Personal information
- Full name: Albert Thoroughgood Buick
- Date of birth: 17 January 1875
- Place of birth: Arbroath, Scotland
- Date of death: 25 March 1948 (aged 73)
- Place of death: Arbroath, Scotland
- Height: 5 ft 7 in (1.70 m)
- Position(s): Centre-half

Senior career*
- Years: Team / Apps / (Gls)
- 1893–1896: Arbroath
- 1896–1903: Hearts / 100 / (7)
- 1903–1911: Portsmouth

International career
- 1899–1903: Scottish League XI / 2 / (0)
- 1902: Scotland / 2 / (2)

= Albert Buick =

Scottish footballer

Albert Thoroughgood Buick (17 January 1875 – 25 March 1948) was a Scottish footballer, who played for Arbroath, Heart of Midlothian and Portsmouth.

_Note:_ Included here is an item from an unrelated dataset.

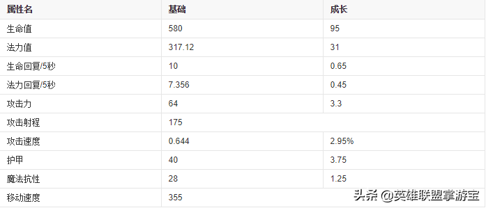 由于技能都是额外AD加成,所以攻击力成长也不是很重要。还有着全联盟最低的基础魔抗28,我佛了。
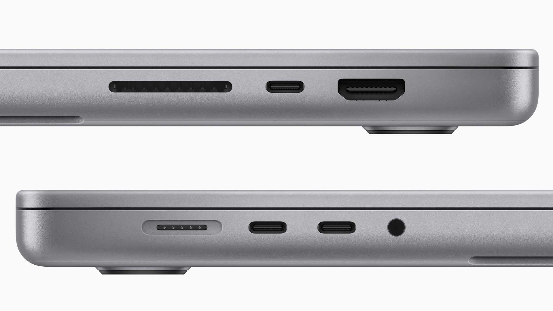 Das MacBook Pro M2 Pro/Max bietet bis zu drei Thunderbolt-4-Anschlüsse sowie einen SD-Kartenleser, Audioausgang und einen HDMI-Port für bis zu 8K mit 60 Hertz.

Born in Arbroath, Buick started his career with home-town Arbroath F.C., where he stayed until 1896. In July of that year he joined Hearts, answering an advertisement from the then reigning Scottish Cup holders. He appeared infrequently as Hearts won the 1896-97 League title but became a more regular player the following season. He played in Hearts 1900-01 Scottish Cup win, where the Edinburgh side defeated Celtic 4-3 in the final and was club captain by the time the side reached the 1902-03 final, where they lost to Rangers.

Buick's appearance led many commentators to consider him an unlikely defender. He measured only 5 foot 7 inches tall, had a slight stoop and his long, gangly arms earned him the nickname "spider". However, his all-action style and stamina earned him many admirers and two caps for the Scotland national team in March 1902. These came against Ireland and Wales and Buick scored in both games as Scotland won 5-1 on each occasion. The stature of his contemporary and rival for the centre-half position, Alex Raisbeck, was said to have ensured he didn't win more honours.

Buick moved south to Southern Football League side Portsmouth in 1903 and was eventually joined by six former Hearts teammates. He spent eight season with Pompey, most notably helping the team to an upset victory over Manchester United in a 1906-07 FA Cup replay.